Not long ago, I met with Jeff Damerall, chairman for the Missouri Coalition for People With Limb Loss. Damerall is a man who knows the importance of industry regulation. He lost eight fingers and both legs to septic meningitis in his freshman year in college. When he walked into his first job at a small law firm in 2005, he thought he had prosthetics coverage. But when it was time for a replacement, he discovered his cap was $2,000. Damerall had just enough savings to cover the rest of the $20,000 bill, but began worrying about those without savings as well as his own future.

Reflecting now on his months in rehabilitation 12 years ago, Damerall tells me, "If I had thought for a moment that I wouldn't be able to get my legs, after everything I'd been through, I would have given up." After raising the money to hire a lobbyist, Damerall's group got its legislation tacked onto an omnibus bill at the last minute. As of January 2010, private insurance plans in Missouri won't be able to single out amputees for special restrictions.

The fact is, American business has no problem pushing around the states. UCLA law professor Russell Korobkin, who specializes in healthcare issues, tells me that we'll soon be seeing cases involving industry abuses going to the federal courts. As it should be. Today if an insurance company denies a claim, and the case goes beyond arbitration into the legal system, a state supreme court is the final arbiter because insurance plans are regulated by state statutes. There's no appealing to federal courts unless there is a constitutional question, which is very rare. But with nationally regulated healthcare, our federal courts and ultimately the U.S. Supreme Court make the close calls, and frankly that's reassuring to someone who considers healthcare a human right. On some issues, America is just too diverse. South Carolina's high court is selected by people who fly the Confederate flag out front.

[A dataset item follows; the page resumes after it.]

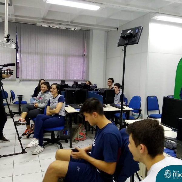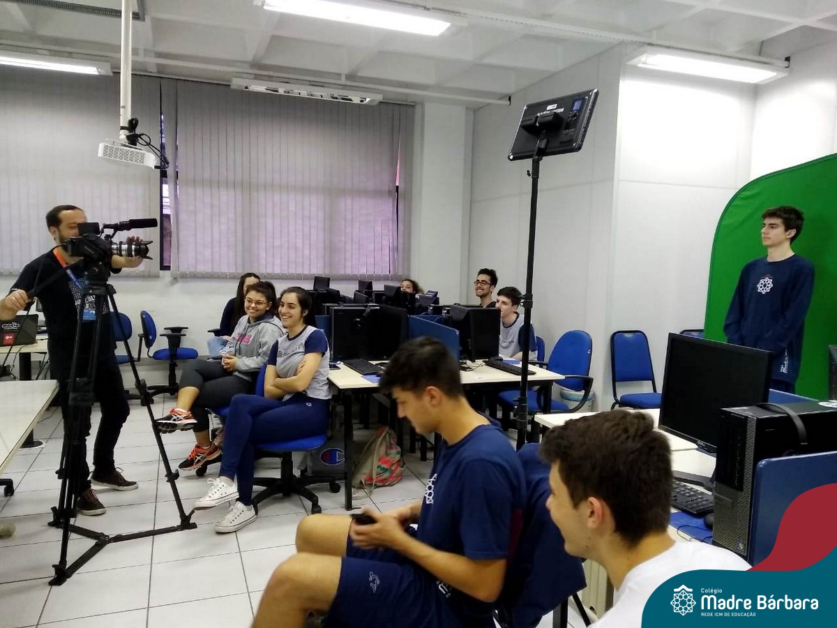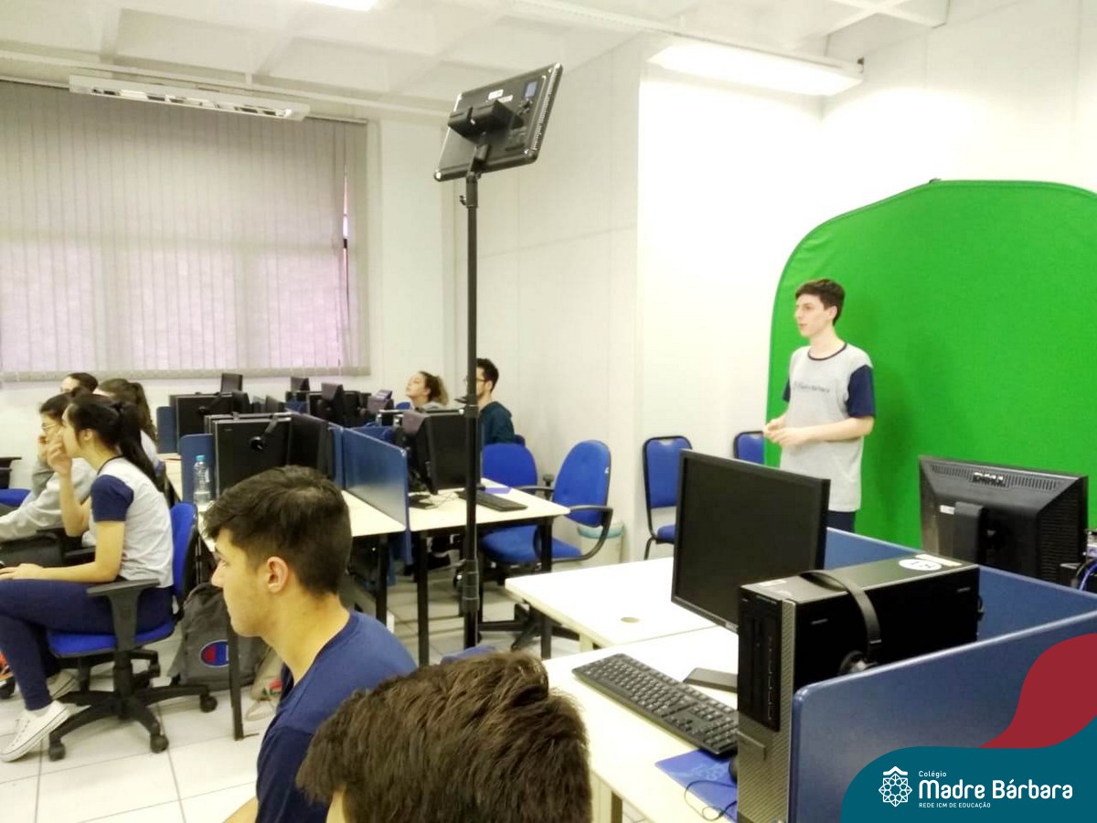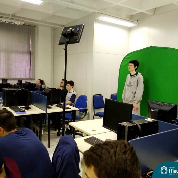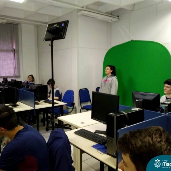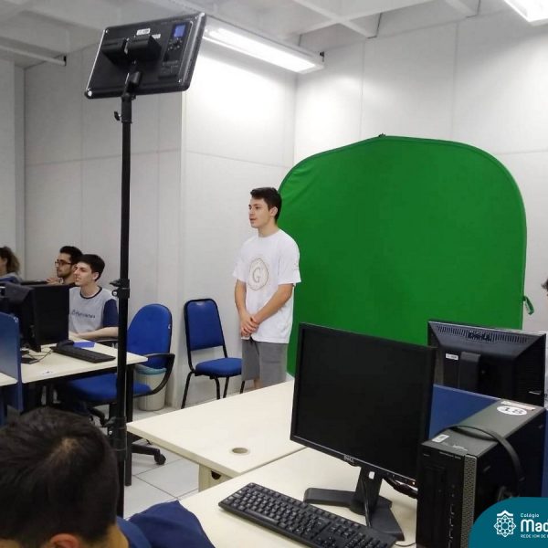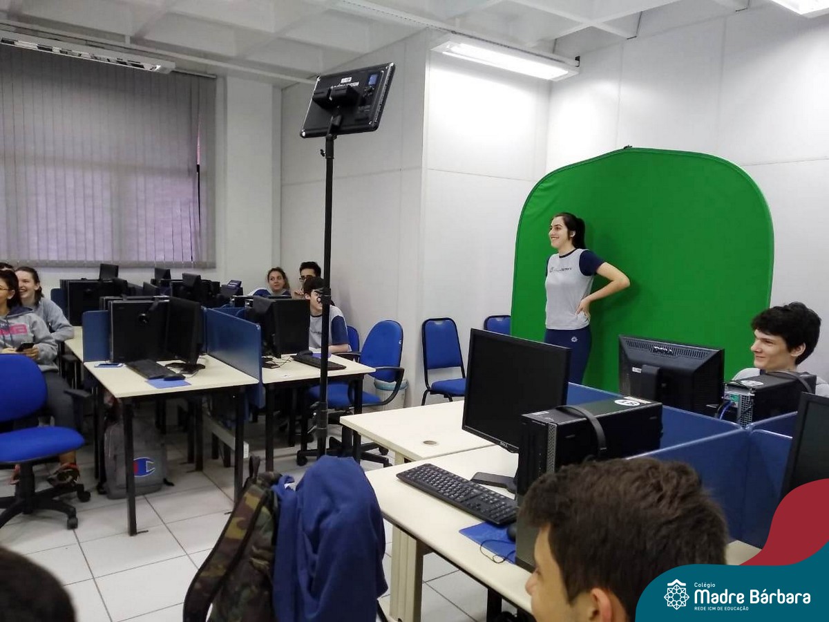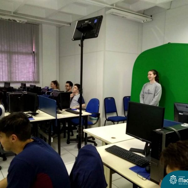 Na tarde de quinta-feira (03), alguns alunos do 2º ano do Ensino Médio, acompanhados pela professora Francieli Winck, participaram da oficina de audiovisual, ministrada pelo jornalista e professor do curso de Comunicação Marcus Staudt, na Univates. Os estudantes puderam experimentar e vivenciar um pouco sobre produção audiovisual, além de conhecerem mais sobre o curso de Comunicação Social e os bastidores da TV Univates.

Both the House and Senate versions of the new health plan lay out minimum standards for public and private insurers that include rehabilitative services and devices. Whether that means an active young amputee will get a C-Leg or a stroke victim will get three full months of intensive therapy will be up to the Department of Health and Human Services. One thing's for sure -- the minimums will be all that most patients can get. Private plans that offer more coverage than the required minimums will find their profits sapped, as they’ll attract policyholders who are certain to use that extra coverage. Only people who know they’re prone to kidney disease, for example, will be seeking out the private plan that offers them portable dialysis machines that aren’t available on the public plan. "The very thing that the Republicans and conservative Democrats don't like -- which is that [the public option] is in competition with private insurance -- is exactly why it's a good idea," says historian and disability rights activist Paul Longmore.



If health reform passes, people like Jeff Damerall won't be fighting in obscurity. Thanks to the national limelight, most state-based horror stories will cease. Americans will have the same self-interested fascination in national standards as the British, where National Health Service decisions make headline news. We'll all be on Jeff's side.

With comprehensive national standards, states will not be able to dodge their responsibilities. Their disparate health insurance regulations and Medicaid administrations will no longer trample basic human rights. So let's stop what doesn't work and go forward together.


By Ford Vox

Ford Vox, M.D., is a resident physician at Washington University in St. Louis.